Probably some type of mahogany. The grain, open pores and color all look like a mahogany. Some mahogany's will brown with exposure to weather and pallets get plenty of that


----------



## freddy1962 (Feb 27, 2014)

I agree with Bruce, some type of mahogany. Kind of Honduranish


----------



## Sawdustmaker115 (Sep 8, 2013)

Do you think tornillo is even in the ball park
or do you guys think more of mahogany then tornillo?


----------



## Yonak (Mar 27, 2014)

Boy, it sure looks like walnut to me.


----------



## exelectrician (Oct 3, 2011)

Looks like a mahogany from a free C/L dining table I sawed up, I found it to be a little on the soft side, still trying to find a project to use it on.


----------



## exelectrician (Oct 3, 2011)

Looks like mahogany from a free C/L dining table I sawed up, I found it to be a little on the soft side, still trying to find a project to use it on.


----------



## WDHLT15 (Aug 15, 2011)

Luan.


----------



## Sawdustmaker115 (Sep 8, 2013)

Yeah, i guess it could be a type of Lauan, 
light red meranti maybe?


----------



## panamawayne (May 28, 2014)

It's not Spanish cedar, in the bottom photo it looks like Espave.???


----------



## Sawdustmaker115 (Sep 8, 2013)

I don't think I'll ever know what it is for sure. To many choices, i just found a book that i have which has a bunch of hard woods in it and what i found there was Utile and maybe even Iroko. So now I'm lost i think I'll just call it Meranti or Philippine Mahogany, does that seem to make sense though, being that it came from a shipping pallet i would assume that it wouldn't be made of something of high value?


----------



## runswithscissors (Nov 8, 2012)

Actually, people use whatever wood they can get locally for all kinds of purposes-like pallets-be it teak, walnut, oak, or luan. If it's soft, it's not iroko. Luan, aka Philippine mahogany, is quite soft, has open pores, and varies a lot in color, even in the same board.


----------



## reelman65 (Jan 24, 2011)

You guys probably already know this but:
It is my understanding that .gov will identify 5 pieces per household per year.

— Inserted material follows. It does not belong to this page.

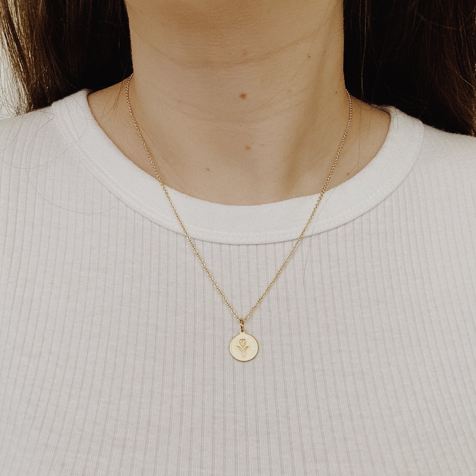 Brass pendant hand stamped with a Tulip

http://www.fpl.fs.fed.us/research/centers/woodanatomy/wood_idfactsheet.php

Send your samples to:
Center for Wood Anatomy Research
USDA Forest Service, Forest Products Laboratory
One Gifford Pinchot Dr.
Madison, WI 53726-2398

I just sent five samples a few weeks ago…..waiting on the results….
Just an FYI.


----------



## Yonak (Mar 27, 2014)

Thanks, reelman. That's a great resource.


----------



## Sawdustmaker115 (Sep 8, 2013)

I never knew about that reelman, so you just cut a sample to size and stick it in the mail?


----------



## reelman65 (Jan 24, 2011)

SDM115,

yea, there are instructions on the site, but you would number them if more than one. send it off and in 4-8weeks. you get the result. I will post a follow up when I get my answers from them.


----------



## TCCcabinetmaker (Dec 14, 2011)

no, it's definately in the mahogany family, Lumberyards will use wood that fails inspections for pallets so occaisionally you will get something like mahogany, but usually pallets are just the least expensive thing laying around.


----------



## Sawdustmaker115 (Sep 8, 2013)

That makes sense TCCcabinetmaker, yeah i'm going to call it Philippine Mahogany, just seems to make the most sense. Thank you

@ reelman: so if i had more then one i would number them, as in put a label on it or just take a good marker and wright the number directly on the wood? And should i take a hand plane and clean up the surfaces of the sample?


----------



## SCOTSMAN (Aug 1, 2008)

Sapele ! Alistair


----------



## reelman65 (Jan 24, 2011)

"""@ reelman: so if i had more then one i would number them, as in put a label on it or just take a good marker and wright the number directly on the wood? And should i take a hand plane and clean up the surfaces of the sample?"""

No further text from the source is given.